→ SOURCE MATERIAL
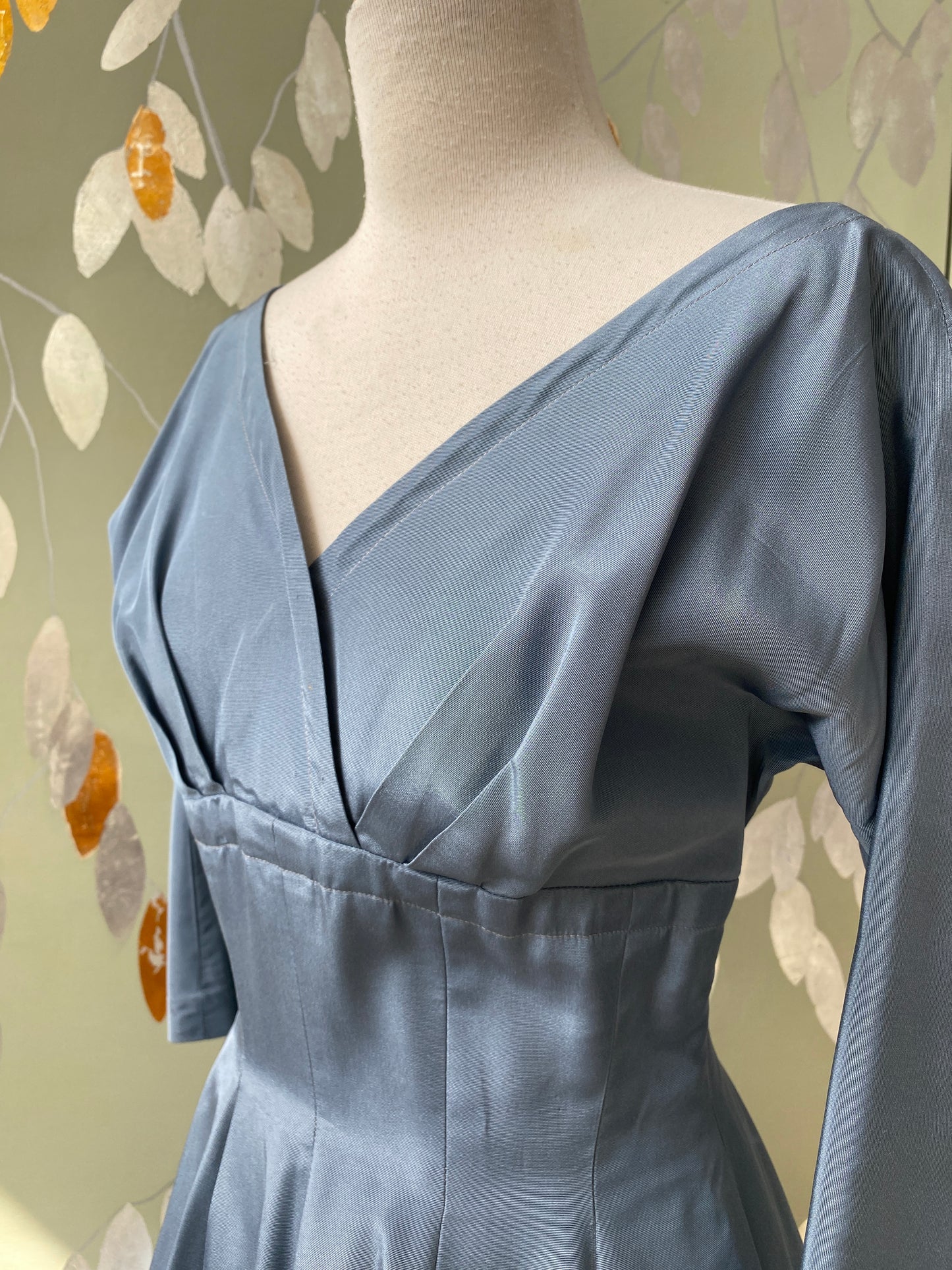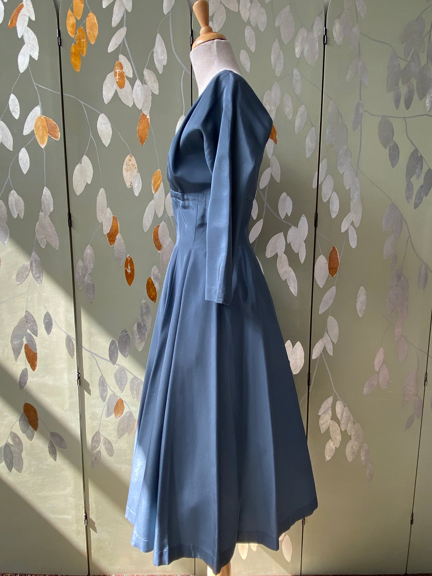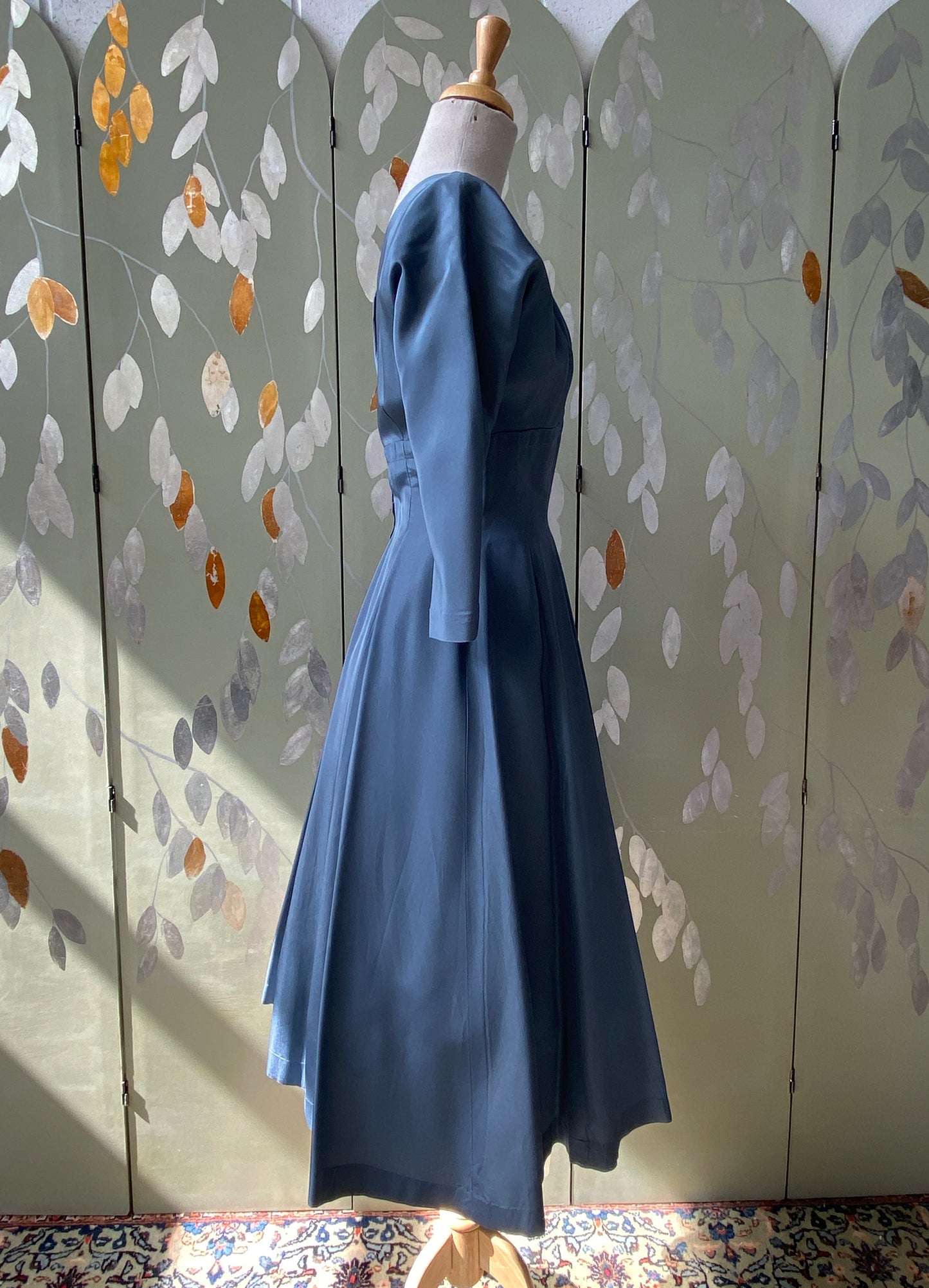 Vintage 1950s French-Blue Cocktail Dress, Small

--

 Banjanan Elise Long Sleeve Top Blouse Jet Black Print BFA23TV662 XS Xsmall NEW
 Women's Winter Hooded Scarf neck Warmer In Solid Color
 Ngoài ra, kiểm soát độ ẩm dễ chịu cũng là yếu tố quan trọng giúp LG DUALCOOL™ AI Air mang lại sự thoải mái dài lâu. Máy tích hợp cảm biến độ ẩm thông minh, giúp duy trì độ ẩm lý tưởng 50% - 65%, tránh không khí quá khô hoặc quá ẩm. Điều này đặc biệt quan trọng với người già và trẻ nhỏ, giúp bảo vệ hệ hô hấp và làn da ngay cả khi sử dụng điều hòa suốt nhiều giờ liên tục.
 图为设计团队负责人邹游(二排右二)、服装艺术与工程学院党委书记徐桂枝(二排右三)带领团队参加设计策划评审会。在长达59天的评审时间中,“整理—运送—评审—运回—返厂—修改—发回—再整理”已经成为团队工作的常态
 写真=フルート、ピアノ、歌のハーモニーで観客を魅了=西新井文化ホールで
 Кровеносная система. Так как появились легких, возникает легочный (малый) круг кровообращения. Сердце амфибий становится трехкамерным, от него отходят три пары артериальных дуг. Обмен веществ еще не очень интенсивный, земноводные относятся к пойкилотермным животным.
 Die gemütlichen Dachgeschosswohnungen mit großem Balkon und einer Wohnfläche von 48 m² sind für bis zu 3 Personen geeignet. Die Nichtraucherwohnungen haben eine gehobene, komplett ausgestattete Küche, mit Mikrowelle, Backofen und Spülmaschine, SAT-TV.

→ EXERCISE OBJECTIVE
Above this task is a listing. Restate, word for word and with nothing added, the lines from the one with "Women's Winter Hooded" through the one with "图为设计团队负责人邹游(二排".

→ RESPONSE AREA
 Women's Winter Hooded Scarf neck Warmer In Solid Color
 Ngoài ra, kiểm soát độ ẩm dễ chịu cũng là yếu tố quan trọng giúp LG DUALCOOL™ AI Air mang lại sự thoải mái dài lâu. Máy tích hợp cảm biến độ ẩm thông minh, giúp duy trì độ ẩm lý tưởng 50% - 65%, tránh không khí quá khô hoặc quá ẩm. Điều này đặc biệt quan trọng với người già và trẻ nhỏ, giúp bảo vệ hệ hô hấp và làn da ngay cả khi sử dụng điều hòa suốt nhiều giờ liên tục.
 图为设计团队负责人邹游(二排右二)、服装艺术与工程学院党委书记徐桂枝(二排右三)带领团队参加设计策划评审会。在长达59天的评审时间中,“整理—运送—评审—运回—返厂—修改—发回—再整理”已经成为团队工作的常态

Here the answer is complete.